Rapidly Evolving Necrotic Plaques and Nodules in a Middle-aged Woman

Author Affiliations
  • 1Department of Dermatology, University of Minnesota, Minneapolis
JAMA Dermatol. Published online February 19, 2020. doi:10.1001/jamadermatol.2019.4992


A woman in her 50s presented to a tertiary dermatology referral center with scaly erythematous patches and plaques covering 10% of her total body surface area without clinically appreciable lymphadenopathy. Histopathological testing demonstrated an epidermotropic infiltrate of hyperchromatic, convoluted, atypical CD3+, CD4, and CD8+ lymphocytes with haloed nuclei with basilar tagging and papillary dermal fibrosis. Studies of T-cell gene rearrangements identified a clonal population. Blood-flow cytometry did not reveal aberrant T-cell immunophenotypes. She was treated initially with topical and intralesional corticosteroids and narrow band UV B phototherapy. Oral bexarotene was subsequently added for recalcitrant disease. Within 2 months, she developed isolated, painful tumors. A second biopsy was performed, which was notable for an epidermotropic infiltrate of CD3+, CD4, and CD8 weak lymphocytes, which were positive for TIA-1, granzymes, and B factor (Bf) 1 and negative for CD30 and CD56. The results of flow cytometry and imaging were unremarkable. After an initial favorable response with chlorambucil, she developed expanding ulcerated tumors complicated by a polymicrobial superinfection. Chlorambucil was discontinued in favor of antimicrobial treatment. She then received liposomal doxorubicin, although skin involvement continued to progress rapidly, with ulcerating tumors making up as much as 80% of her total body surface area. She was hospitalized for worsening disease and pain (Figure, A). Repeated histopathologic analysis was done (Figure, B, C, and D).

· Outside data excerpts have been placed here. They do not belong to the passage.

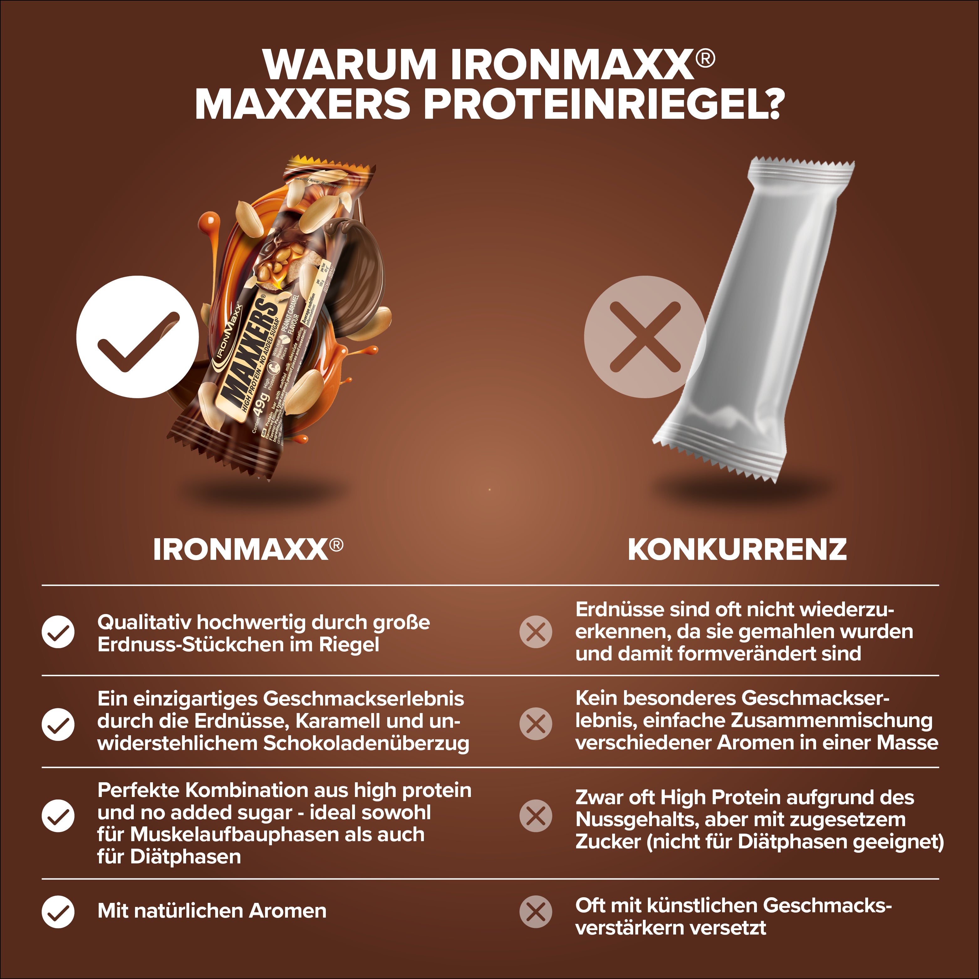 Molkeneiweißkonzentrat (20%) (MILCH), Karamellfüllung (ApfelExtrakt, Molkeneiweißkonzentrat (MILCH), ungesüßte KondensMILCH, Kokosfett, Farbstoff (Zuckerkulör), Emulgator (Mono- und Diglyceride von Speisefettsäuren), Salz, natürliches Aroma), ERDNUSSstücke (16%), Süßungsmittel (Maltit), Kakaobutter, ERDNÜSSE (7,2%), MagerMILCHpulver, Palmfett, Kakaomasse, VollMILCHpulver, MILCHfett (enthält Emulgator (Lecithine (SOJA))), Salz, natürliches Erdnuss-Aroma (enthält ERDNUSS), Nusspaste (HASELNÜSSE, ERDNÜSSE), Vanille-Extrakt. Kann Spuren enthalten von GLUTEN, EI und ANDEREN SCHALENFRÜCHTEN.
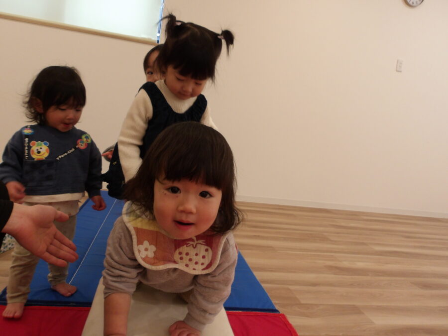 お部屋のお友達はマットのお山や跳び箱に登ったり降りたり楽しく遊びました☺️
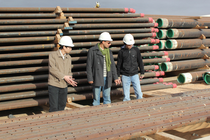 Các cán bộ PVEP kiểm tra các thiết bị phục vụ khoan thăm dò dầu khí ở sa mạc Xa-ha-ra, An-giê-ri. Ảnh: Đỗ Kim Anh
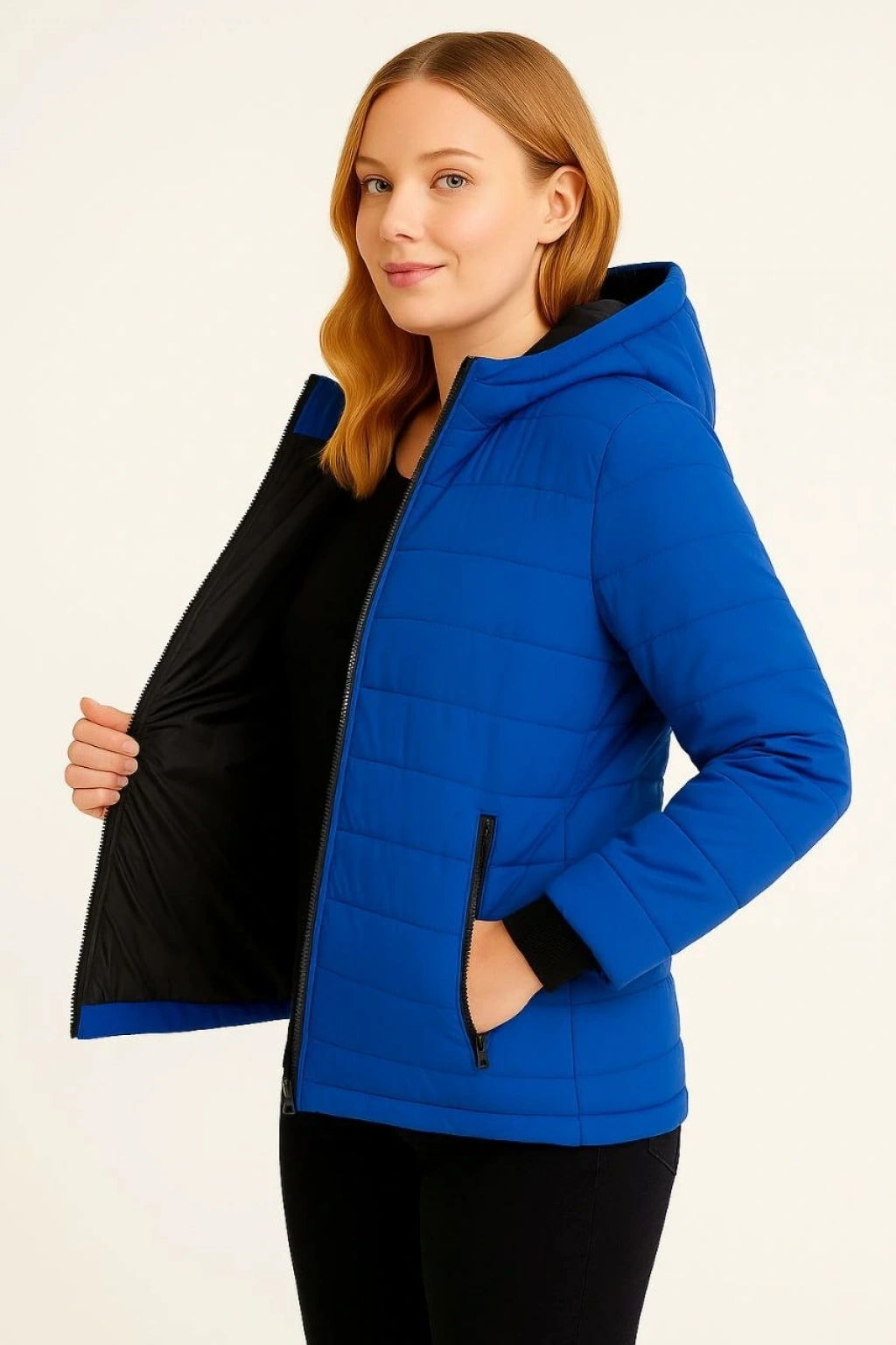 KADIN BOMBER MONT CEKET – SU İTİCİ KUMAŞ, KAPİTONE ASTARLI, FERMUARLI, KIŞLIK - SAKS MAVİSİ
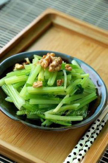 将芹菜摘去老茎和叶,洗净切丝,放沸水中焯2分钟。再用冷水冲一下,沥干水后加精盐、味精、香油入盘。将核桃仁用沸水泡软后剥去皮,再用沸水泡5分钟取出放在芹菜上,吃时拌匀。
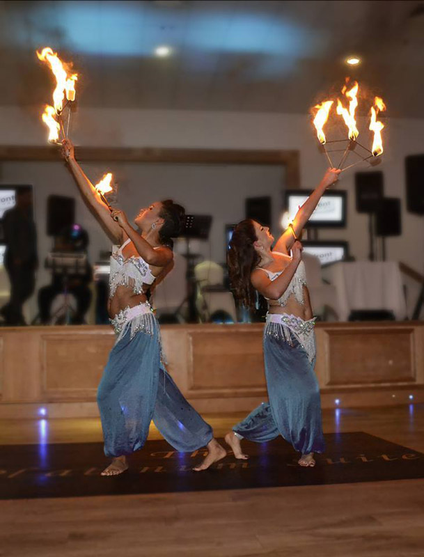 Trained in the art of traditional and modern belly dancing, our Bollywood dance group can tailor their exciting fire act to fit most themes and styles, offering a few customization options that will help your upcoming event or gathering stand out against the competition. Our thrilling fire dance show creates a performance that's utterly unique and showcases amazing feats of precision, dedication, and skill. An exciting live dance show that will keep your guests talking for months. Our Bollywood dancers can be booked separately or incorporated into an assortment to create a full blown fire dance experience.
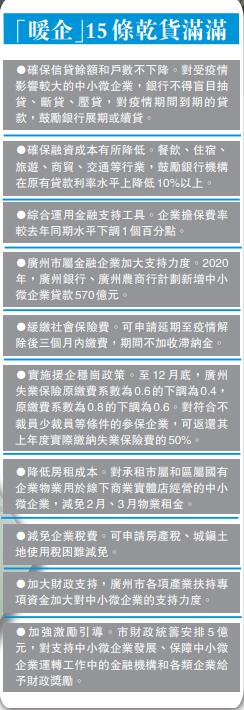 由於疫情對中小企業發展帶來的重大影響,2月7日,廣州市工業和信息化局正式發布《關於支持中小微企業在打贏疫情防控阻擊戰過程中健康發展的十五條措施》(下稱《中小微企業十五條》),從加強金融支持、降低房租成本、減免緩繳稅費、實施援企穩崗、加大財政支持、開展「暖企」行動等方面推出一批政策措施,支持廣大中小微企業穩定生產經營、實現紓難解困。該局副局長張宏偉表示,實施援企穩崗政策,預計將為企業減負約50億元,讓中小微企業享受到更多的讓利減負。

A, Clinical image. B, Original magnification ×50. C, Considerable lymphocytic epidermotropism in a pagetoid reticulosis–like pattern without striking Pautrier microabscesses (original magnification ×230). D, Original magnification ×50.

A, Clinical image. B, Original magnification ×50. C, Considerable lymphocytic epidermotropism in a pagetoid reticulosis–like pattern without striking Pautrier microabscesses (original magnification ×230). D, Original magnification ×50.

Box Section Ref ID

What Is Your Diagnosis?

  1. CD8+ mycosis fungoides

  2. Lymphomatoid papulosis, type D

  3. Primary cutaneous aggressive epidermotropic cytotoxic CD8+ T-cell lymphoma

  4. Natural killer/T-cell lymphoma



C. Primary cutaneous aggressive epidermotropic cytotoxic CD8+ T-cell lymphoma


The repeated histopathologic analysis revealed atypical, strikingly epidermotropic lymphocytes positive for CD3, CD8, TIA1, granzymes, and Bf1 and negative for CD4, CD30, CD56, and Epstein-Barr virus–encoded RNA, with enlarged, misfolded nuclei throughout the spinous layer (Figure, C and D). Histological testing and clinical presentation supported a diagnosis of primary cutaneous aggressive epidermotropic cytotoxic CD8+ T-cell lymphoma (PCECTCL).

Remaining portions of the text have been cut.